> What is being asked
Omit every picture, then give all the entries again exactly.
________________
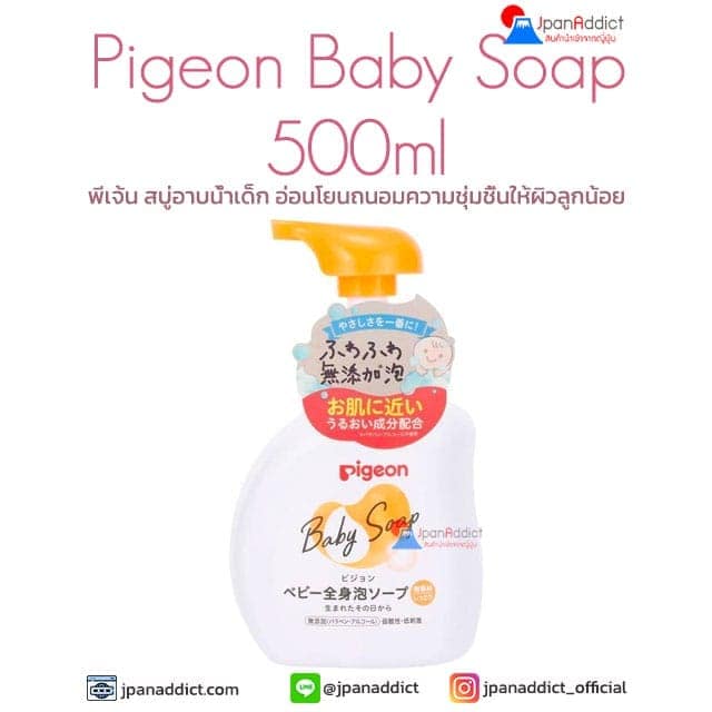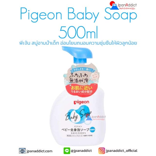 Pigeon Baby Soap 500ml ได้รับการพัฒนาให้มีคุณสมบัติคล้ายคลีงกับไขทารกแรกเกิด (Vernix caseosa) ที่มีหน้าที่ปกป้องผิวหนังแรกเกิดของทารก ประกอบด้วยส่วนผสมที่ให้ความชุ่มชื้น Baby Lipid (Cholesteryl Stearate และ Ceramide) ผ่านการทดสอบทางผิวหนังแล้ว (ไม่รับประกันว่าจะไม่แพ้สำหรับทุกคน หากมีอาการแพ้ให้หยุดใช้ทันที) ใช้ง่ายสำหรับคุณแม่ ปราศจากน้ำหอมและ พาราเบน
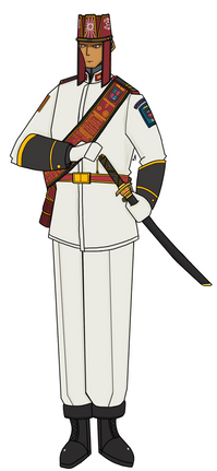 A photo of Captain Ayzen receiving the Sword of Honour from the President of Singapore during his commissioning parade in 2031.Originally just a Corporal, he was promoted upon his miraculous return despite being declared KIA after nuking an JUIS naval fleet immediately to the rank of Captain, on the President's special orders to members of the Alpha Lions who had fought in Africa for ten long years against jihadist remnants. He was reinstated into the Singapore Armed Forces with all his previous decorations, including the first Star of Temasek initially awarded posthumously for his heroic act of sacrifice during the Second Battle of Singapore, together with additional decorations awarded for their actions in Africa along with skill badges earned while in the service of the African Union Armed Forces in their war against JUIS remnants.
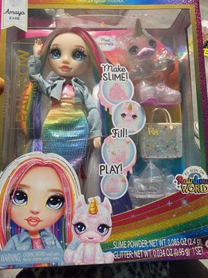 [This review was collected as part of a promotion.] My daughter absolutely loves this doll! We got the Amaya Raine doll and it’s supercute. The face is glittery and eyes are really pretty with purple and blue colors. And the long lashes are really cool. My daughter really likes the hair, rainbow dress and denim jacket. And there’s so many fun accessories and additions including shoes, handbag, comb, stand, and pet unicorn. Plus, there’s diy slime which was easy to make-just add water and shake in the crystal shaker (included). There was also glitter to add to the slime. My daughter really enjoyed making and playing with the slime. Though, the slime is on the sticky side and the glitter was a little messy.
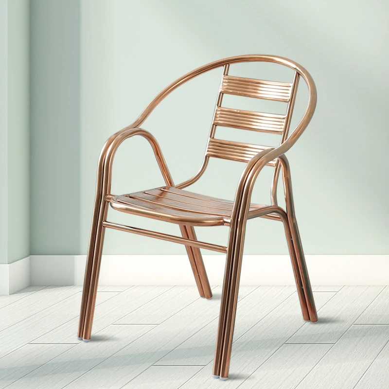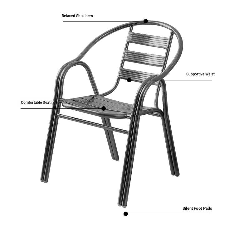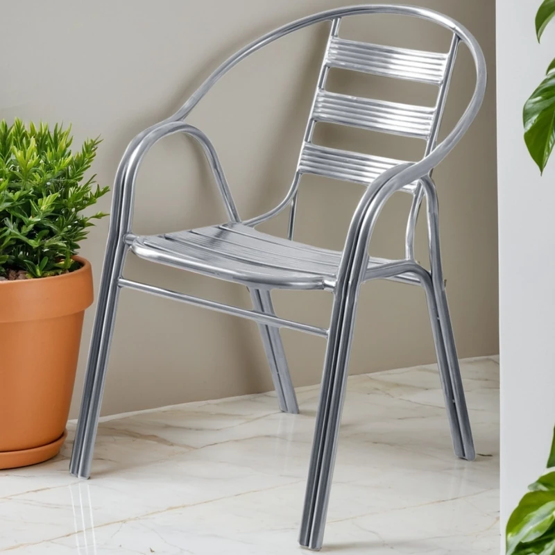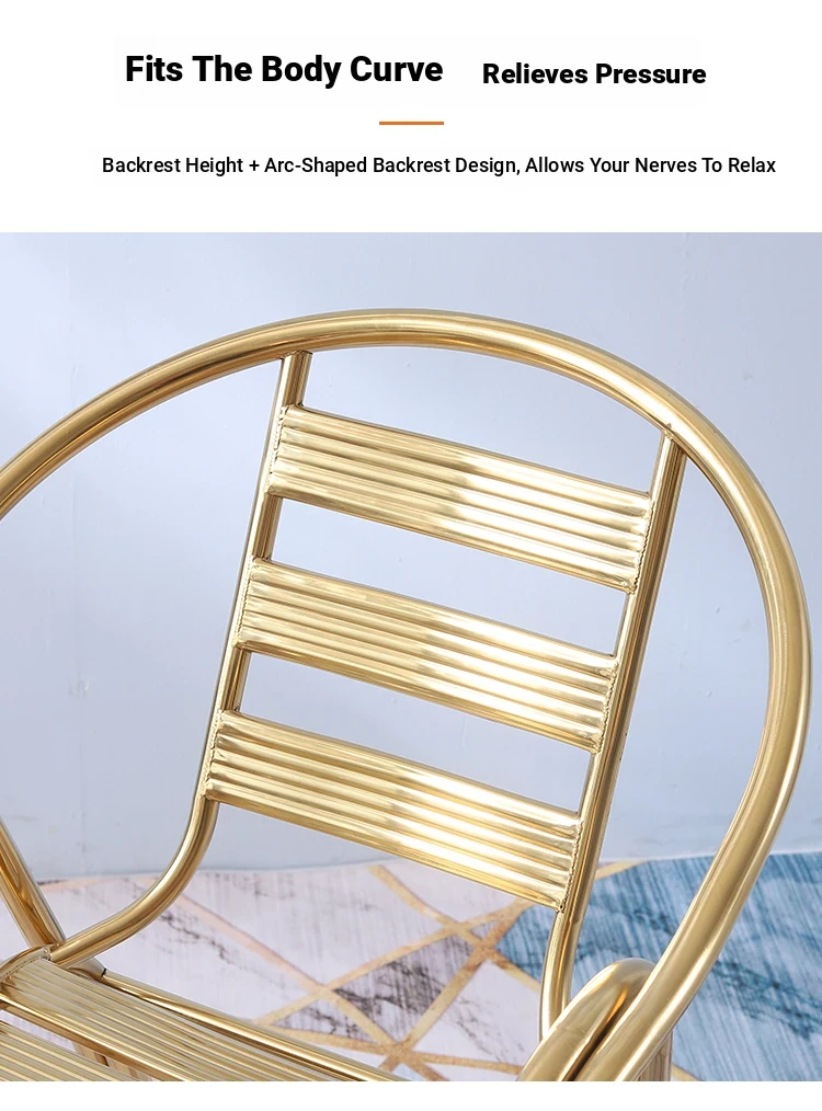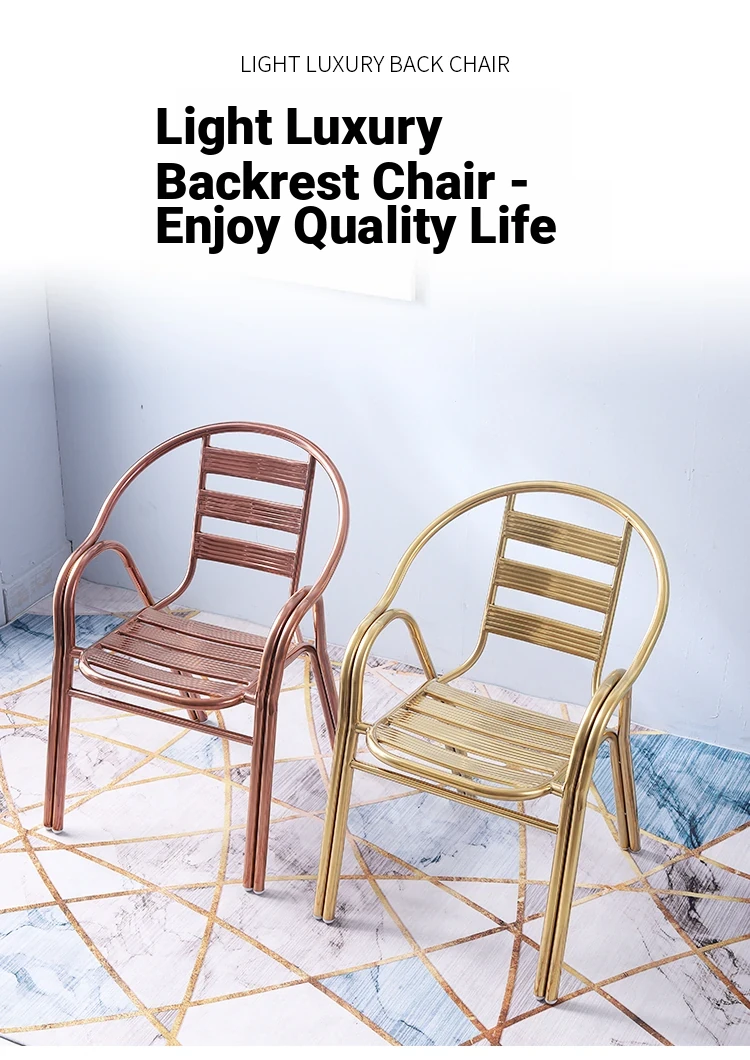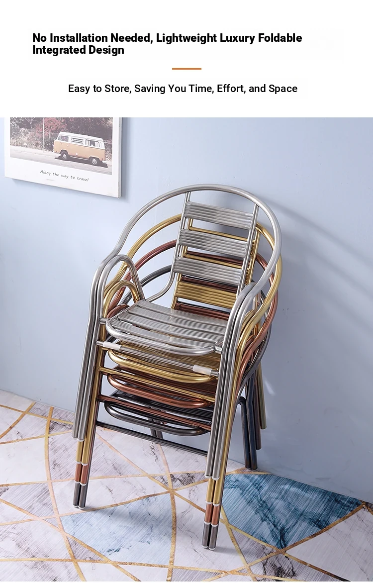 Stainless Steel Dining Chair with Armrests and Backrest - Outdoor Metal Balcony Chair for Home Use, Fully Assembled Single Seat Relaxation Furniture
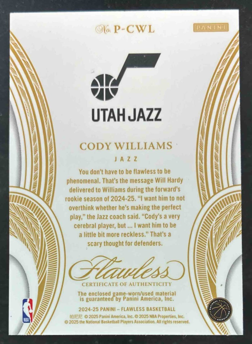 2024-25 Panini Flawless Patches Ruby #6 Cody Williams RC /15
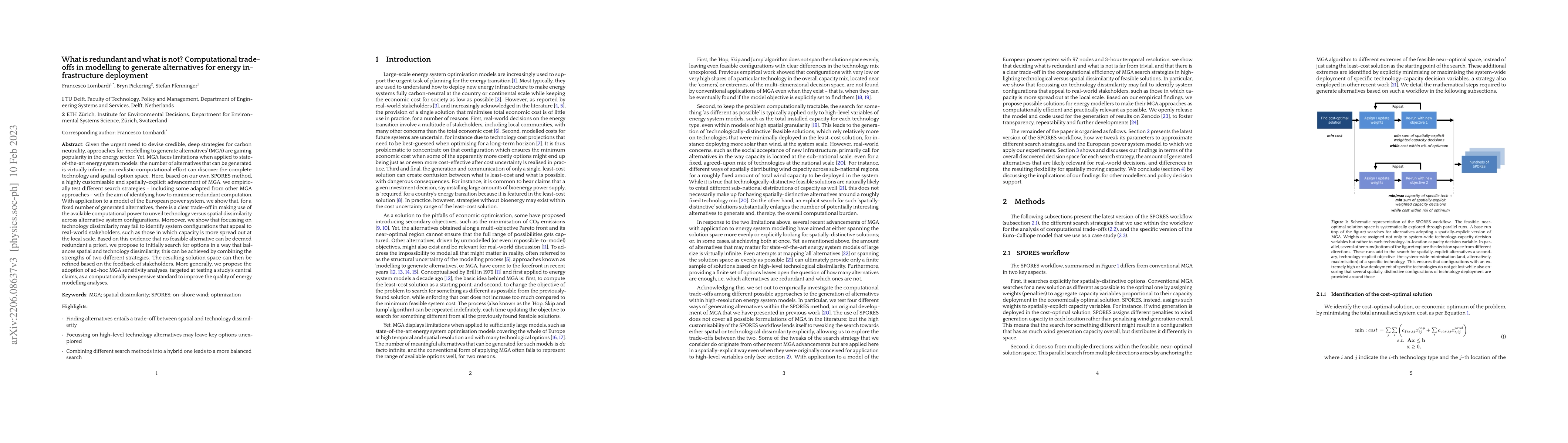This paper investigates computational trade-offs in modelling to generate alternatives for energy infrastructure deployment, focusing on minimising redundant computation. It proposes a hybrid search strategy combining technology and spatial diversity to balance the exploration of alternatives, demonstrating that no feasible alternative can be deemed redundant without empirical testing.
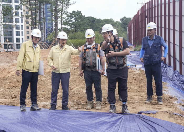 [광주=정찬남 기자] 강기정 광주광역시장(왼 쪽부터 두 번째)이 7일 오전 서구 금호동 아파트 건설 현장을 찾아 지난 3일 새벽 집중 호우로 인한 토사 유출 현장을 점검하고 있다./광주광역시 제공
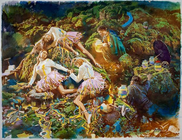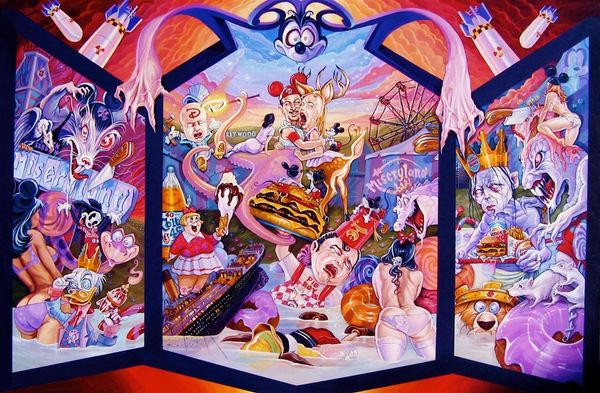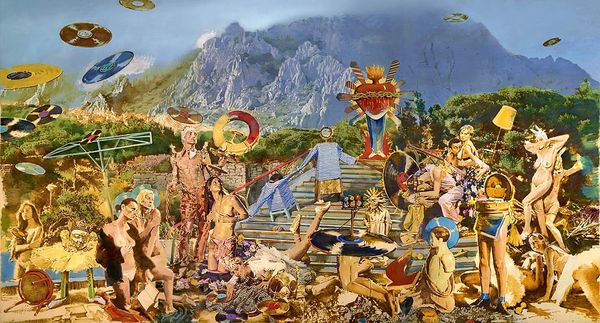 Editor: Here we have Arsen Savadov's 2004 oil on canvas, "Plein Air". It definitely has this dream-like, almost unsettling quality to it. What do you make of the unusual symbolism at play here? Curator: The power of symbolism is central, isn't it? The work, like many fairy tales, reveals our cultural memory. Think about the masks – the rabbit, the tiger. Masks have historically concealed and revealed identities, channeling animalistic powers, and referencing pagan rituals and shamanic practices. Editor: Right, the blurring of human and animal… there’s definitely something primal about that. Curator: Precisely. And the mushroom caps worn as hats – they're not just whimsical; they invoke alchemic transformation. Do you notice how the traditional symbols of putti, are presented as somewhat disquieting figures, disrupting conventional readings of innocence? Editor: That's interesting. They almost seem burdened, not joyous. Curator: They suggest a loss of innocence. And the strategically placed mushrooms--aren't they an age-old symbol of both decay and rebirth? Editor: I see that, the natural cycle... But what about the man in the suit? He looks like he's conducting something. Curator: He might be orchestrating the unfolding drama, inviting us to reconsider accepted narratives and question established systems of power and authority. Editor: So, it's less about the literal "plein air" and more about an internal landscape being revealed through these strange symbols? Curator: Exactly. Savadov compels us to examine the human condition using the shared vocabulary of archetypes, making it a truly unforgettable and unsettling encounter. Editor: That definitely shifts my understanding. Thanks!
________________
> Written solution
 Pigeon Baby Soap 500ml ได้รับการพัฒนาให้มีคุณสมบัติคล้ายคลีงกับไขทารกแรกเกิด (Vernix caseosa) ที่มีหน้าที่ปกป้องผิวหนังแรกเกิดของทารก ประกอบด้วยส่วนผสมที่ให้ความชุ่มชื้น Baby Lipid (Cholesteryl Stearate และ Ceramide) ผ่านการทดสอบทางผิวหนังแล้ว (ไม่รับประกันว่าจะไม่แพ้สำหรับทุกคน หากมีอาการแพ้ให้หยุดใช้ทันที) ใช้ง่ายสำหรับคุณแม่ ปราศจากน้ำหอมและ พาราเบน
 A photo of Captain Ayzen receiving the Sword of Honour from the President of Singapore during his commissioning parade in 2031.Originally just a Corporal, he was promoted upon his miraculous return despite being declared KIA after nuking an JUIS naval fleet immediately to the rank of Captain, on the President's special orders to members of the Alpha Lions who had fought in Africa for ten long years against jihadist remnants. He was reinstated into the Singapore Armed Forces with all his previous decorations, including the first Star of Temasek initially awarded posthumously for his heroic act of sacrifice during the Second Battle of Singapore, together with additional decorations awarded for their actions in Africa along with skill badges earned while in the service of the African Union Armed Forces in their war against JUIS remnants.
 [This review was collected as part of a promotion.] My daughter absolutely loves this doll! We got the Amaya Raine doll and it’s supercute. The face is glittery and eyes are really pretty with purple and blue colors. And the long lashes are really cool. My daughter really likes the hair, rainbow dress and denim jacket. And there’s so many fun accessories and additions including shoes, handbag, comb, stand, and pet unicorn. Plus, there’s diy slime which was easy to make-just add water and shake in the crystal shaker (included). There was also glitter to add to the slime. My daughter really enjoyed making and playing with the slime. Though, the slime is on the sticky side and the glitter was a little messy.
 Stainless Steel Dining Chair with Armrests and Backrest - Outdoor Metal Balcony Chair for Home Use, Fully Assembled Single Seat Relaxation Furniture
 2024-25 Panini Flawless Patches Ruby #6 Cody Williams RC /15
This paper investigates computational trade-offs in modelling to generate alternatives for energy infrastructure deployment, focusing on minimising redundant computation. It proposes a hybrid search strategy combining technology and spatial diversity to balance the exploration of alternatives, demonstrating that no feasible alternative can be deemed redundant without empirical testing.
 [광주=정찬남 기자] 강기정 광주광역시장(왼 쪽부터 두 번째)이 7일 오전 서구 금호동 아파트 건설 현장을 찾아 지난 3일 새벽 집중 호우로 인한 토사 유출 현장을 점검하고 있다./광주광역시 제공
 Editor: Here we have Arsen Savadov's 2004 oil on canvas, "Plein Air". It definitely has this dream-like, almost unsettling quality to it. What do you make of the unusual symbolism at play here? Curator: The power of symbolism is central, isn't it? The work, like many fairy tales, reveals our cultural memory. Think about the masks – the rabbit, the tiger. Masks have historically concealed and revealed identities, channeling animalistic powers, and referencing pagan rituals and shamanic practices. Editor: Right, the blurring of human and animal… there’s definitely something primal about that. Curator: Precisely. And the mushroom caps worn as hats – they're not just whimsical; they invoke alchemic transformation. Do you notice how the traditional symbols of putti, are presented as somewhat disquieting figures, disrupting conventional readings of innocence? Editor: That's interesting. They almost seem burdened, not joyous. Curator: They suggest a loss of innocence. And the strategically placed mushrooms--aren't they an age-old symbol of both decay and rebirth? Editor: I see that, the natural cycle... But what about the man in the suit? He looks like he's conducting something. Curator: He might be orchestrating the unfolding drama, inviting us to reconsider accepted narratives and question established systems of power and authority. Editor: So, it's less about the literal "plein air" and more about an internal landscape being revealed through these strange symbols? Curator: Exactly. Savadov compels us to examine the human condition using the shared vocabulary of archetypes, making it a truly unforgettable and unsettling encounter. Editor: That definitely shifts my understanding. Thanks!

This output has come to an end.